Young Women Lesson 37: Caring for Our Physical Bodies

Manual 1; Excerpt from "The Sanctity of the Body," by Susan W. Tanner

This lesson was mistakenly published last week as Lesson 36.

Discussion Questions
• In what ways will caring for your body now affect your future health? How will developing healthy habits in your teens prepare you to bear and raise children?
• What are some ways that people in the world harm their bodies? In times of temptation to misuse our bodies, how can we respect them instead?
• How can good physical health contribute to good emotional health?
• How is our agency compromised when we don’t take care of our bodies?
• How do eating disorders jeopardize health, feeling the Spirit, and the future?
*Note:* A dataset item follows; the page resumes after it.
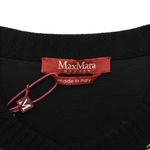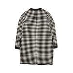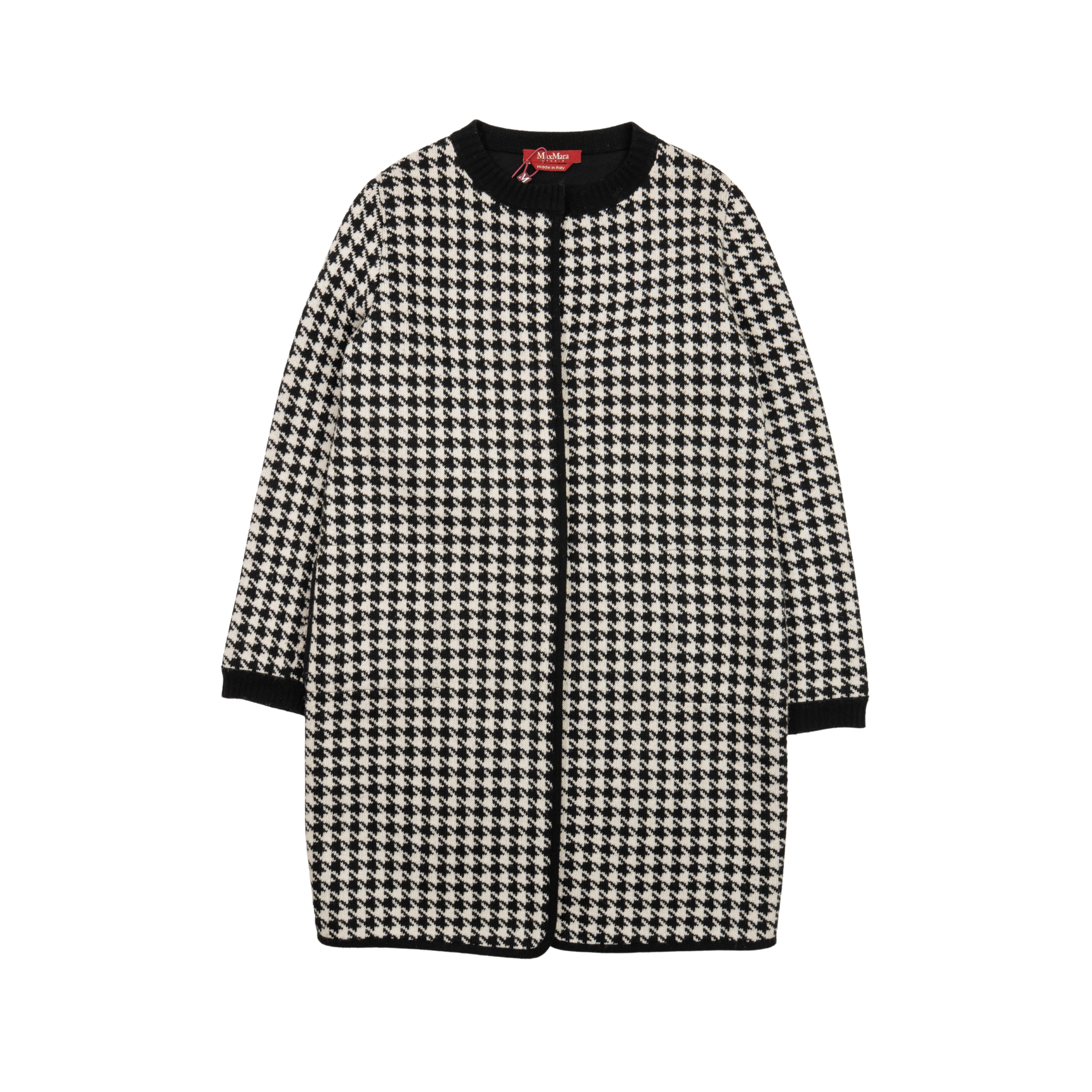 Max Mara mid-length knit jacket in black and white houndstooth with black ribbed knit collar and sleeve cuffs. Features two side seam pockets and snap buttons.

Excerpt from "The Sanctity of the Body," by Sister Susan W. Tanner, October 2005 General Conference:

I remember well the insecurities I felt as a teenager with a bad case of acne. I tried to care for my skin properly. My parents helped me get medical attention. For years I even went without eating chocolate and all the greasy fast foods around which teens often socialize, but with no obvious healing consequences. It was difficult for me at that time to fully appreciate this body which was giving me so much grief. But my good mother taught me a higher law. Over and over she said to me, “You must do everything you can to make your appearance pleasing, but the minute you walk out the door, forget yourself and start concentrating on others.”

There it was. She was teaching me the Christlike principle of selflessness. Charity, or the pure love of Christ, “envieth not, and is not puffed up, seeketh not her own” (Moro. 7:45). When we become other-oriented, or selfless, we develop an inner beauty of spirit that glows in our outward appearance. This is how we make ourselves in the Lord’s image rather than the world’s and receive His image in our countenances. President Hinckley spoke of this very kind of beauty that comes as we learn to respect body, mind, and spirit. He said:

“Of all the creations of the Almighty, there is none more beautiful, none more inspiring than a lovely daughter of God who walks in virtue with an understanding of why she should do so, who honors and respects her body as a thing sacred and divine, who cultivates her mind and constantly enlarges the horizon of her understanding, who nurtures her spirit with everlasting truth” (“Understanding Our Divine Nature,” Liahona, Feb. 2002, 24; “Our Responsibility to Our Young Women,” Ensign, Sept. 1988, 11).

Oh, how I pray that all men and women will seek the beauty praised by the prophet—beauty of body, mind, and spirit!